[Items from a dataset]
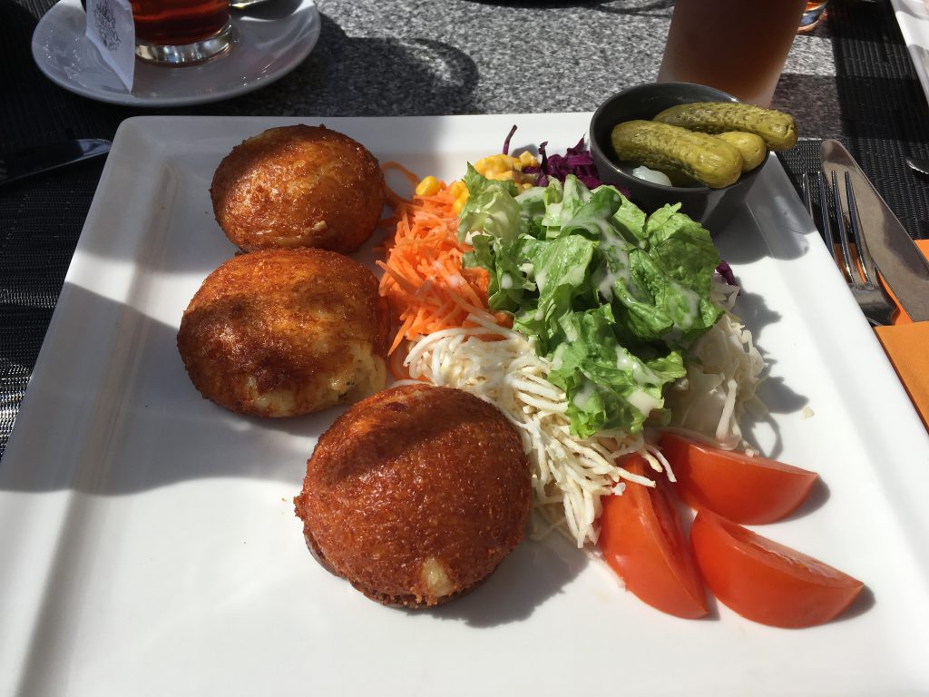 • le trio de malakoffs avec salade mêlée, pas aussi bons/crémeux à coeur que ceux d’Au Coeur de la Côte à Vinzel (notre référence à ce jour) mais bons quand même
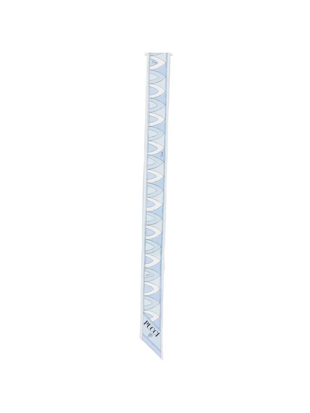 Esarfa PUCCI Patterned albastru, realizata din matase satinata, cu forma dreptunghiulara, grafica imprimata si tiv asimetric. 100% matase.
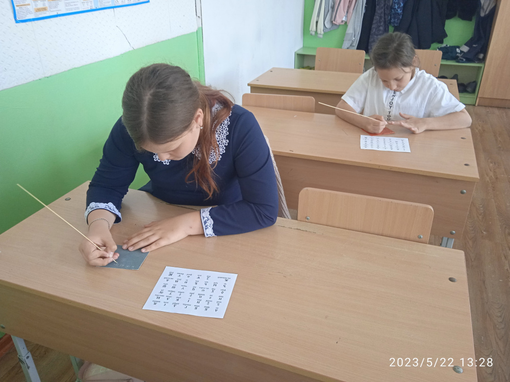 А самым увлекательным моментом на мероприятии был мастер-класс, на котором ребятам предложили написать буквы кириллицы перьями и чернилами, с чем они справились отлично, старательно выводили старославянские буквы и придумывали слова. А на следующем этапе учащиеся выводили буквы кириллицы деревянными палочками-писалами на дощечках. Всё это доставило удовольствие и массу положительных эмоций.
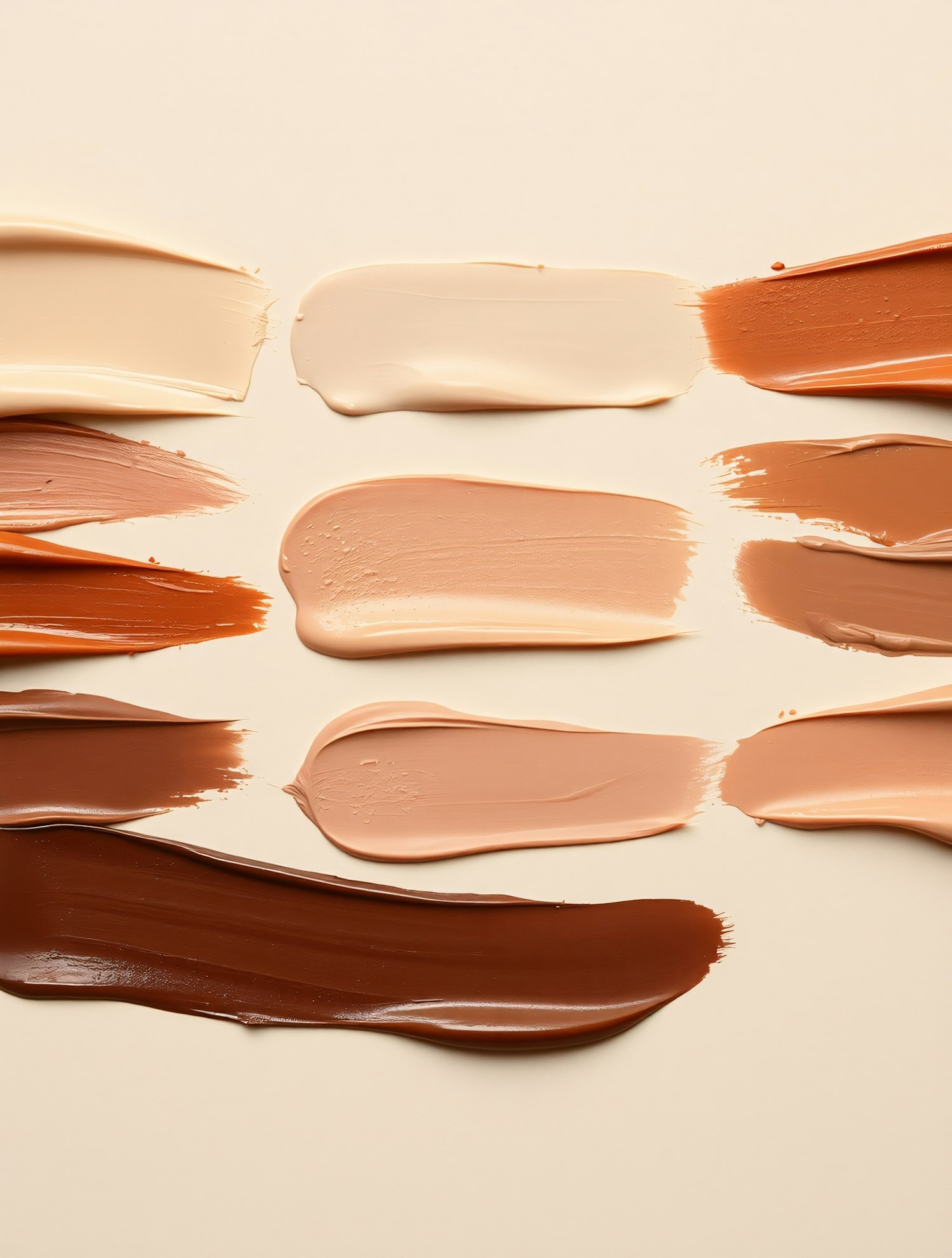 Diverse makeup foundation swatches on a beige background, showcasing a range of skin tones from light to dark.
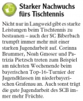 Bevor für die insgesamt neun Biberbacher Tischtennisteams Mitte September die Spielsaison beginnt, steht für drei Nachwuchsasse aus der Jugendabteilung noch ein besonderes Ereignis an. Corinna Brummer, Noah Gmoser und Patrizia Pietzsch treten am nächsten Wochenende beim bayerischen TOP 16 Turnier der Jugendklassen im niederbayerischen Grafenau an.
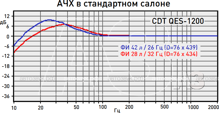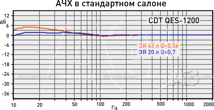 Закрытое оформление можно сделать предельно компактным для «двенашки», а вот разгонять объём не стоит – уже на 42 л добротность выходит на критический уровень 0,56, ниже нет смысла. АЧХ от этого лучше не становится
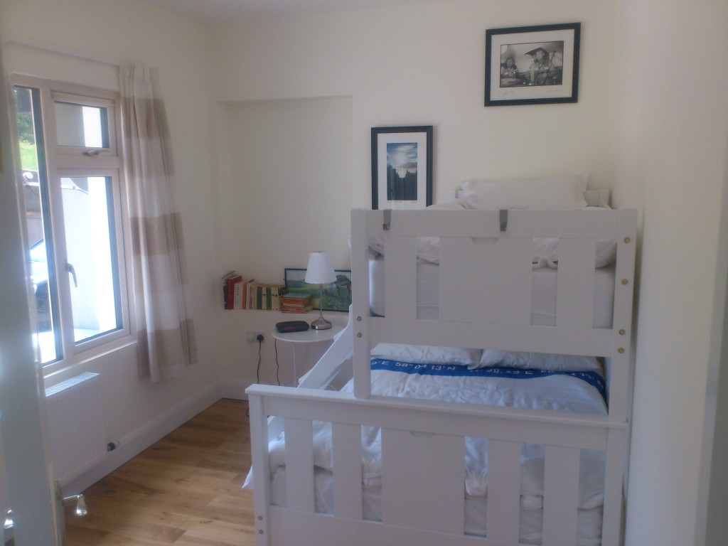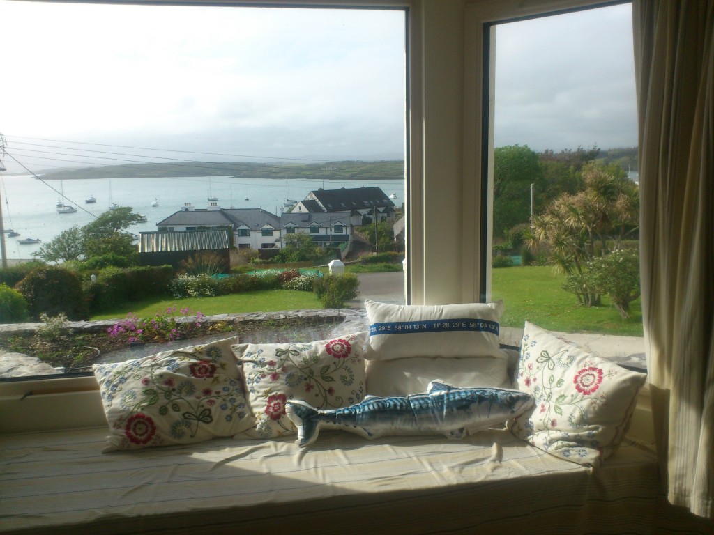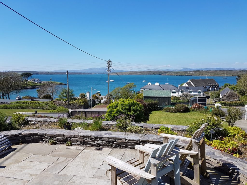A fantastically located three bedroom holiday cottage with fabulous views over Baltimore Harbour. The property has just been fully refurbished to a very high standard and benefits from an adjacent studio Apartment available to guests at additional cost (please ask). The property has a large open plan luxury fitted kitchen dining room with French doors to a terraced patio offering outstanding views over the harbour. A separate lounge with window seat and log stove also benefits from the sea views. There are three double bedrooms sleeping 7 persons, master with en suite and second bedroom with single bunk over the double and a fine family bathroom. Outside there is a private drive with ample parking to the rear and an enclosed lawned rear garden. The adjacent studio apartment is located on the first floor over a garage and has a large double bedroom open plan with a small kitchenette, harbour views and an en suite shower room. The apartment would not be rented separate to the house but would be ideal if more space was required. Free WIFI included. Highly recommended.
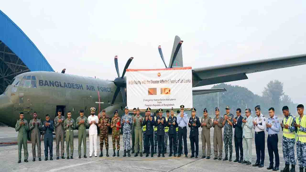 শ্রীলঙ্কায় ঘূর্ণিঝড় ‘ডিটওয়া’র প্রভাবে সৃষ্ট আকস্মিক বন্যা ও ভূমিধসে ক্ষতিগ্রস্ত মানুষের সহায়তায় ত্রাণ পাঠিয়েছে বাংলাদেশ সরকার। প্রধান উপদেষ্টার নির্দেশে বুধবার বাংলাদেশ বিমান বাহিনীর ১৫ সদস্যের একটি ক্রু দল, সশস্ত্র বাহিনী বিভাগের একজন কর্মকর্তা ও পররাষ্ট্র মন্ত্রণালয়ের একজন প্রতিনিধিসহ ১০ টন ত্রাণ সামগ্রী নিয়ে কলম্বোর উদ্দেশে যাত্রা করে।
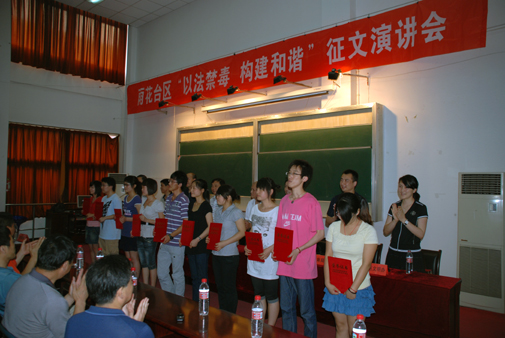演讲会上,法律系10名参加演讲的同学依次登场,从不同层面论述了毒品的危害,以及如何远离毒品,做一个健康的人。他们精彩纷呈的演讲赢得了全场雷鸣般的掌声。
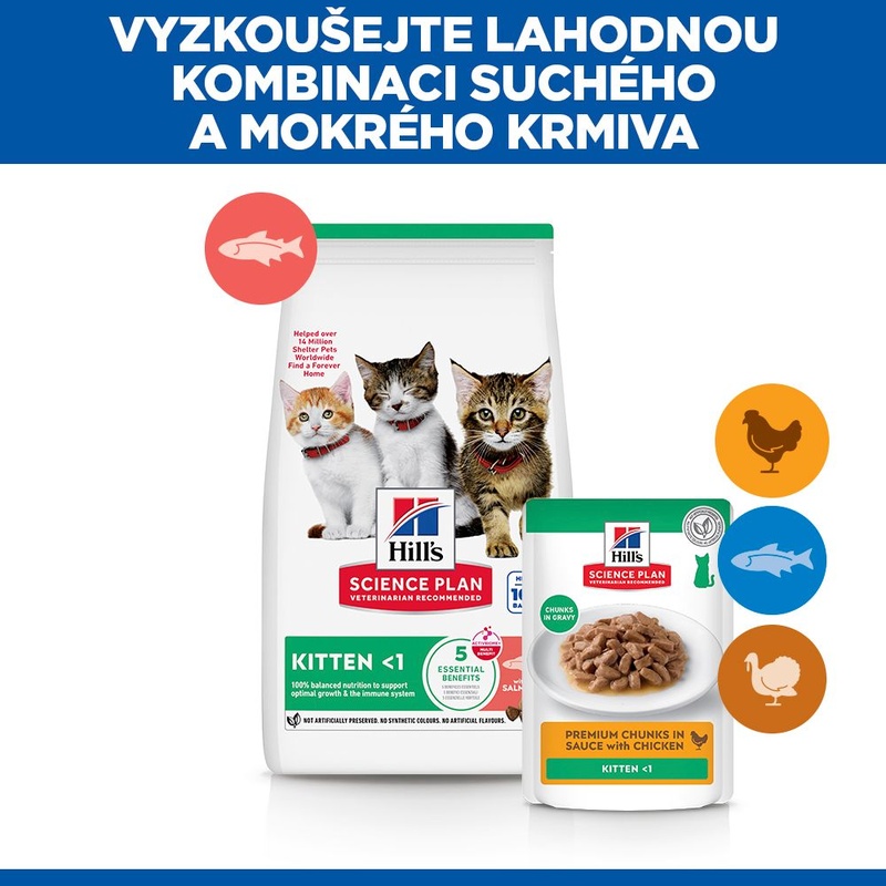 Kompletní krmivo Hill's Science Plan Kitten s lososem podporuje optimální růst a funkci imunitního systému koťat. Obsahuje DHA z rybího oleje pro zdravý vývoj mozku a očí, bílkoviny pro tvorbu svalové hmoty, vyvážený poměr minerálních látek pro zdraví kostí a zubů a speciální směs prebiotik ActivBiome+ Multi-Benefit pro výživu střevního mikrobiomu. Granule jsou přizpůsobené jedinečným potřebám koťat tak, aby jim zajistila co nejlepší start do života a umožnila jim plně rozvinout jejich potenciál.
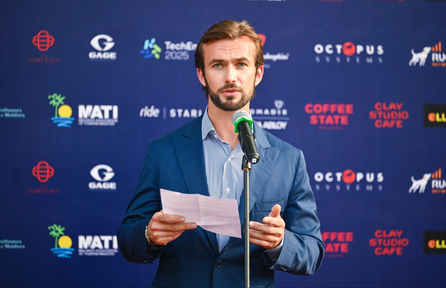 Vice President of Lamborghini Ferruccio Lamborghini speaking at the opening ceremony of the TechEng 2025 Exhibition -- Photo: Fayaz Moosa | Mihaaru
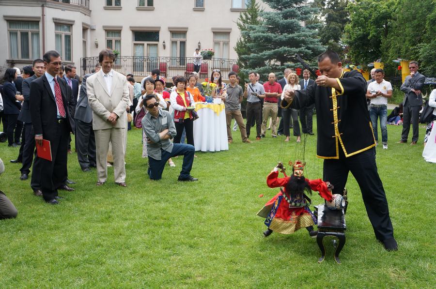 7月10日下午,中国驻多伦多总领事房利夫妇在官邸为中国民俗代表团举行了欢迎招待会。加拿大中国民俗文化节将在多伦多持续3天,于7月13日结束。预计3天中将会有数十万人前来观看欣赏。

• ASSIGNED TASK: Reproduce the records in full, exactly as they appear, and show none of the pictures.

• TASK RESULT:
 • le trio de malakoffs avec salade mêlée, pas aussi bons/crémeux à coeur que ceux d’Au Coeur de la Côte à Vinzel (notre référence à ce jour) mais bons quand même
 Esarfa PUCCI Patterned albastru, realizata din matase satinata, cu forma dreptunghiulara, grafica imprimata si tiv asimetric. 100% matase.
 А самым увлекательным моментом на мероприятии был мастер-класс, на котором ребятам предложили написать буквы кириллицы перьями и чернилами, с чем они справились отлично, старательно выводили старославянские буквы и придумывали слова. А на следующем этапе учащиеся выводили буквы кириллицы деревянными палочками-писалами на дощечках. Всё это доставило удовольствие и массу положительных эмоций.
 Diverse makeup foundation swatches on a beige background, showcasing a range of skin tones from light to dark.
 Bevor für die insgesamt neun Biberbacher Tischtennisteams Mitte September die Spielsaison beginnt, steht für drei Nachwuchsasse aus der Jugendabteilung noch ein besonderes Ereignis an. Corinna Brummer, Noah Gmoser und Patrizia Pietzsch treten am nächsten Wochenende beim bayerischen TOP 16 Turnier der Jugendklassen im niederbayerischen Grafenau an.
 Закрытое оформление можно сделать предельно компактным для «двенашки», а вот разгонять объём не стоит – уже на 42 л добротность выходит на критический уровень 0,56, ниже нет смысла. АЧХ от этого лучше не становится
A fantastically located three bedroom holiday cottage with fabulous views over Baltimore Harbour. The property has just been fully refurbished to a very high standard and benefits from an adjacent studio Apartment available to guests at additional cost (please ask). The property has a large open plan luxury fitted kitchen dining room with French doors to a terraced patio offering outstanding views over the harbour. A separate lounge with window seat and log stove also benefits from the sea views. There are three double bedrooms sleeping 7 persons, master with en suite and second bedroom with single bunk over the double and a fine family bathroom. Outside there is a private drive with ample parking to the rear and an enclosed lawned rear garden. The adjacent studio apartment is located on the first floor over a garage and has a large double bedroom open plan with a small kitchenette, harbour views and an en suite shower room. The apartment would not be rented separate to the house but would be ideal if more space was required. Free WIFI included. Highly recommended.
 শ্রীলঙ্কায় ঘূর্ণিঝড় ‘ডিটওয়া’র প্রভাবে সৃষ্ট আকস্মিক বন্যা ও ভূমিধসে ক্ষতিগ্রস্ত মানুষের সহায়তায় ত্রাণ পাঠিয়েছে বাংলাদেশ সরকার। প্রধান উপদেষ্টার নির্দেশে বুধবার বাংলাদেশ বিমান বাহিনীর ১৫ সদস্যের একটি ক্রু দল, সশস্ত্র বাহিনী বিভাগের একজন কর্মকর্তা ও পররাষ্ট্র মন্ত্রণালয়ের একজন প্রতিনিধিসহ ১০ টন ত্রাণ সামগ্রী নিয়ে কলম্বোর উদ্দেশে যাত্রা করে।
演讲会上,法律系10名参加演讲的同学依次登场,从不同层面论述了毒品的危害,以及如何远离毒品,做一个健康的人。他们精彩纷呈的演讲赢得了全场雷鸣般的掌声。
 Kompletní krmivo Hill's Science Plan Kitten s lososem podporuje optimální růst a funkci imunitního systému koťat. Obsahuje DHA z rybího oleje pro zdravý vývoj mozku a očí, bílkoviny pro tvorbu svalové hmoty, vyvážený poměr minerálních látek pro zdraví kostí a zubů a speciální směs prebiotik ActivBiome+ Multi-Benefit pro výživu střevního mikrobiomu. Granule jsou přizpůsobené jedinečným potřebám koťat tak, aby jim zajistila co nejlepší start do života a umožnila jim plně rozvinout jejich potenciál.
 Vice President of Lamborghini Ferruccio Lamborghini speaking at the opening ceremony of the TechEng 2025 Exhibition -- Photo: Fayaz Moosa | Mihaaru
 7月10日下午,中国驻多伦多总领事房利夫妇在官邸为中国民俗代表团举行了欢迎招待会。加拿大中国民俗文化节将在多伦多持续3天,于7月13日结束。预计3天中将会有数十万人前来观看欣赏。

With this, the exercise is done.